- REQUIREMENT: Only these lines of the data below are wanted: the one with "Bluza z wysokim", the one with "江川龍志さんの総運は33画の4点!", and any lines between them, each repeated exactly.

- RECORD EXCERPTS:
--- START ---

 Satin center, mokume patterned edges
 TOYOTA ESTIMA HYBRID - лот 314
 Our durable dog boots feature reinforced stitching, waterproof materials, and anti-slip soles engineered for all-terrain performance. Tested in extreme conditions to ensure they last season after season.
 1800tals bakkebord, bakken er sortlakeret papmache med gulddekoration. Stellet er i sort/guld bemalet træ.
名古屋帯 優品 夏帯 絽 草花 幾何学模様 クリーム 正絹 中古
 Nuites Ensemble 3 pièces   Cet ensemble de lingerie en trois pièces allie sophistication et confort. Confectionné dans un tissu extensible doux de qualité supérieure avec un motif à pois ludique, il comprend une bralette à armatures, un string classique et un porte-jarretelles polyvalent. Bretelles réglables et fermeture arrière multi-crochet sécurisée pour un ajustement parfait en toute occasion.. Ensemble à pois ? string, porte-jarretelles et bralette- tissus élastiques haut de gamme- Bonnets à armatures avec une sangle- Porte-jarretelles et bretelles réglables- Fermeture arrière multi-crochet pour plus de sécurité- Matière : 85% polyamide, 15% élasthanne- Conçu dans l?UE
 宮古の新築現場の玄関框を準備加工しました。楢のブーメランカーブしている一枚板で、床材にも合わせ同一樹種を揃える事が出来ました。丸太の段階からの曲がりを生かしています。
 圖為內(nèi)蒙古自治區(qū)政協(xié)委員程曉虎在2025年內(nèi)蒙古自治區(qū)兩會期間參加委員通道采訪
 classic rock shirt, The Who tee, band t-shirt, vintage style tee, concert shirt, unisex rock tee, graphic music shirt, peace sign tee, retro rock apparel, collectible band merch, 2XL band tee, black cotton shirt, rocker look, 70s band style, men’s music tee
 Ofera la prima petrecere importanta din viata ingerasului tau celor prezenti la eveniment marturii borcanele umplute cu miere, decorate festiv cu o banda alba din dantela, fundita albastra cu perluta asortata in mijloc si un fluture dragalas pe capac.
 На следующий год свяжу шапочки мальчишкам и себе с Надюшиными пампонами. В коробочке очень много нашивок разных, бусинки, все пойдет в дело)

--- END ---
--- START ---

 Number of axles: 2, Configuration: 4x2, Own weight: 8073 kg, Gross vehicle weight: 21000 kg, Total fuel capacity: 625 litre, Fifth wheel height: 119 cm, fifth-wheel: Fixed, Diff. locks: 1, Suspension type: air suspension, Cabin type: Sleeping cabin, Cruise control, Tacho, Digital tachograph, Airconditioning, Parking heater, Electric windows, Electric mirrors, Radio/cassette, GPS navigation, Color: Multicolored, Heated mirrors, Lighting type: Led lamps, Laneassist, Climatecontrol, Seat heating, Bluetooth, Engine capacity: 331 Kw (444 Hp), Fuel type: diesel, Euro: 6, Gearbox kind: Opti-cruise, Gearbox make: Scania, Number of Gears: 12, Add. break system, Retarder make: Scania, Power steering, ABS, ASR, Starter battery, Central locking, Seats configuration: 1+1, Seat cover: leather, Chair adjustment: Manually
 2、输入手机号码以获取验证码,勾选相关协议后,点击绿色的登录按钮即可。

--- END ---
--- START ---

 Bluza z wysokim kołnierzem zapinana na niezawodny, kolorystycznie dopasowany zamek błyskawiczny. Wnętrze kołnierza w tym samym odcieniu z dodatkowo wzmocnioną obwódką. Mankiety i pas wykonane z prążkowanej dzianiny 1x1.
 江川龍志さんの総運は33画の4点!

--- END ---

- SOLUTION TO THE PROBLEM:
 Bluza z wysokim kołnierzem zapinana na niezawodny, kolorystycznie dopasowany zamek błyskawiczny. Wnętrze kołnierza w tym samym odcieniu z dodatkowo wzmocnioną obwódką. Mankiety i pas wykonane z prążkowanej dzianiny 1x1.
 江川龍志さんの総運は33画の4点!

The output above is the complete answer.